Quatorze passeurs, dont une femme, ont été interpellés aux Canaries, a annoncé la police espagnole mercredi. Les trafiquants présumés sont accusés d'avoir transporté des centaines de migrants des côtes africaines vers les Canaries, dont trois sont morts dans la traversée de l’Atlantique.

Les autorités espagnoles ont arrêté mercredi 24 février quatorze passeurs "identifiés par les migrants comme les organisateurs des traversées et les personnes chargées de conduire" les embarcations de fortune dans lesquelles sont arrivés les exilés en décembre et en janvier, a expliqué la police dans un communiqué. Selon un porte-parole de la police, les passeurs, âgés de 19 à 45 ans, sont originaires du Maroc, du Mali, de Gambie, de Mauritanie et de Guinée. Parmi eux, se trouve une femme.
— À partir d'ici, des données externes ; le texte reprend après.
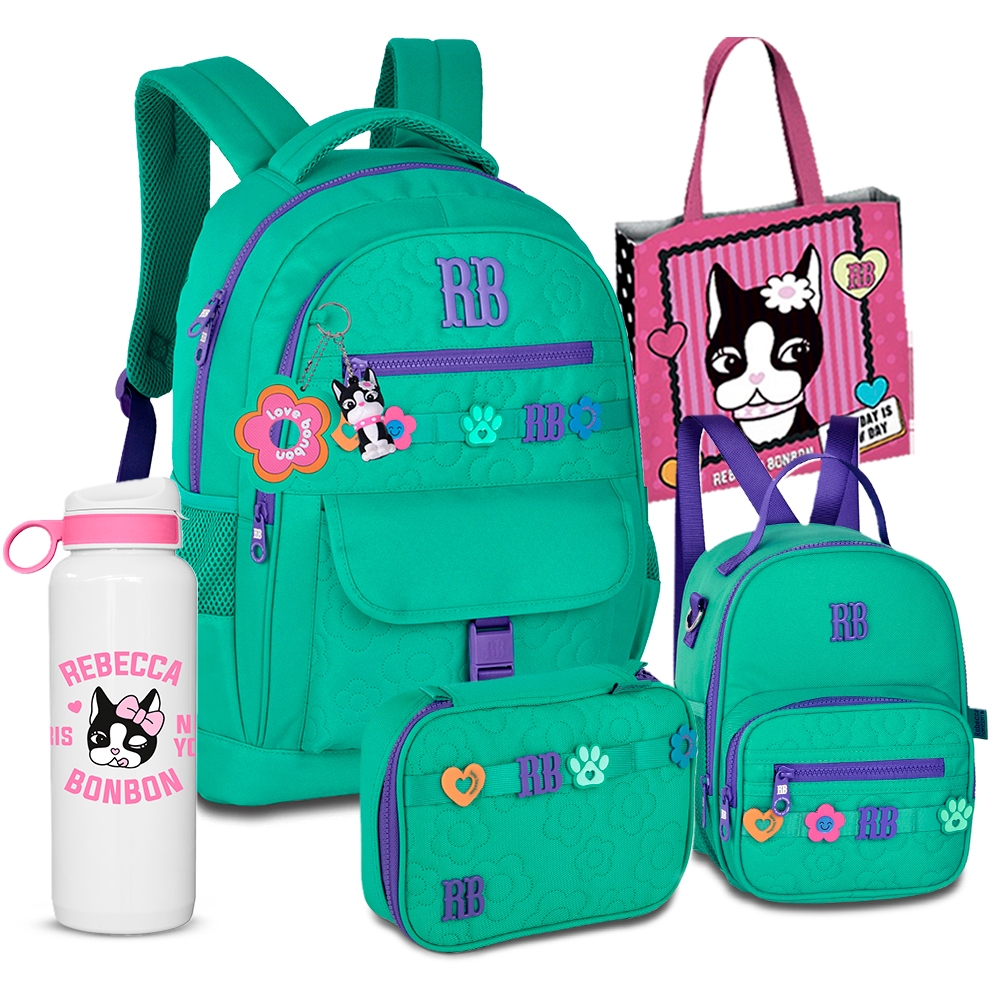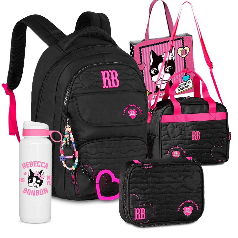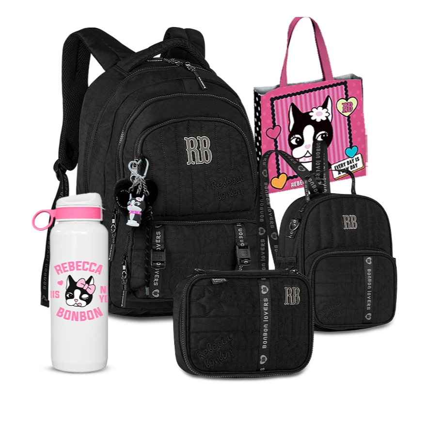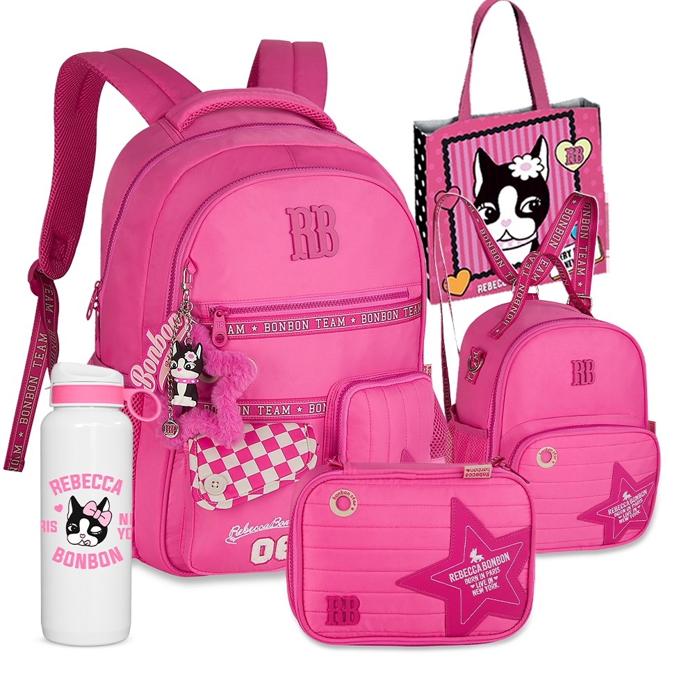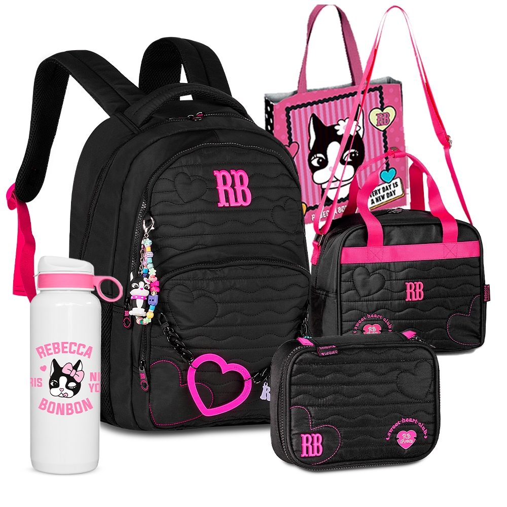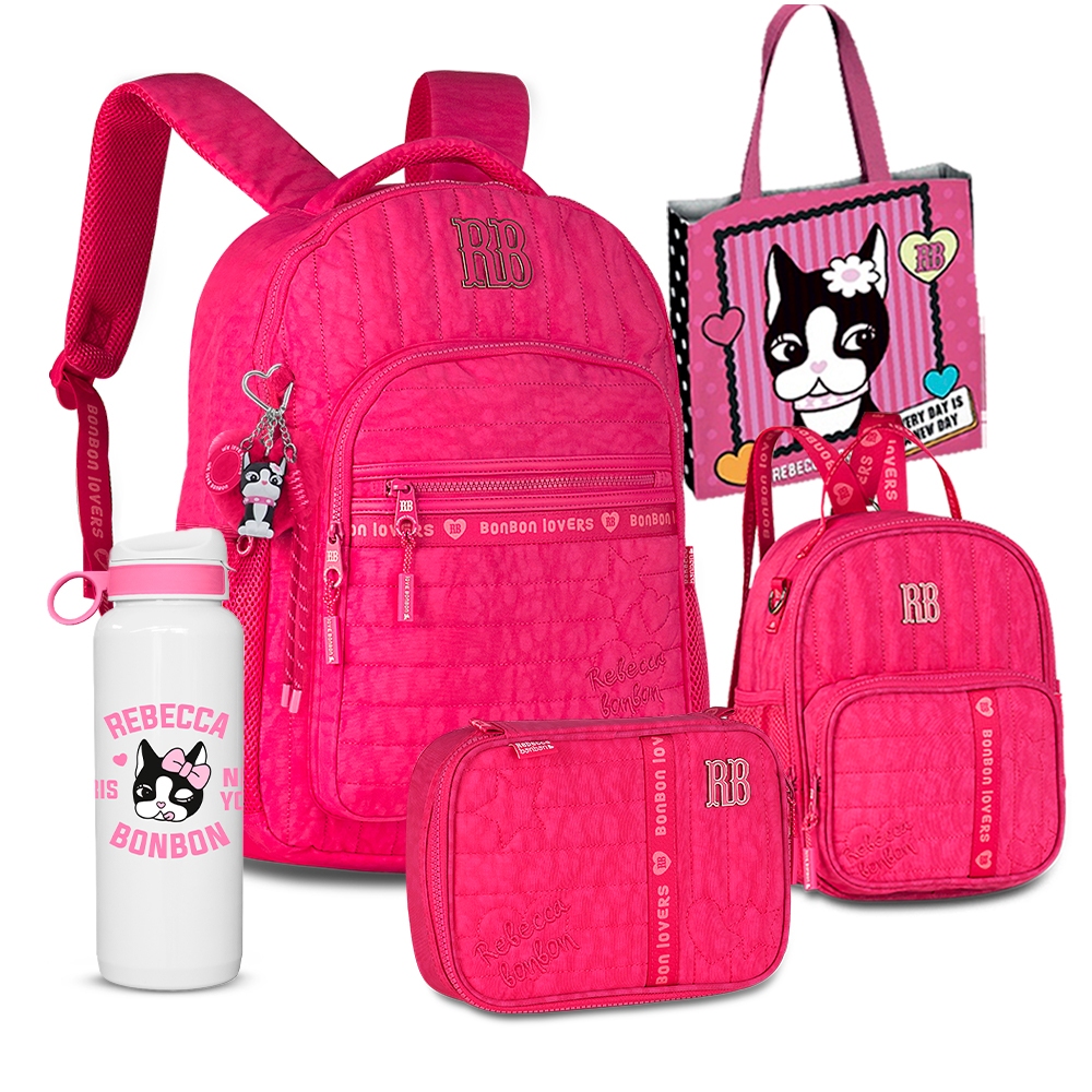 Kit Mochila Estojo Lancheira Metalizada Squeeze Oficial Rb Lancamento Meninas Juvenil

En l’espace de deux mois, les trafiquants présumés ont transporté au total 237 personnes, dont 26 mineurs, "sans aucune mesure de sécurité, sans gilet de sauvetage, nourriture ou boisson", a souligné la police. En raison des "conditions sordides" des traversées, trois personnes sont mortes dont un enfant de neuf ans "dont le corps fut jeté par-dessus bord en pleine mer", a ajouté la police. "Une fois sauvée, sa mère a essayé de mettre fin à ses jours en se jetant à la mer et a dû être transférée vers un hôpital en état de choc", peut-on encore lire dans le communiqué.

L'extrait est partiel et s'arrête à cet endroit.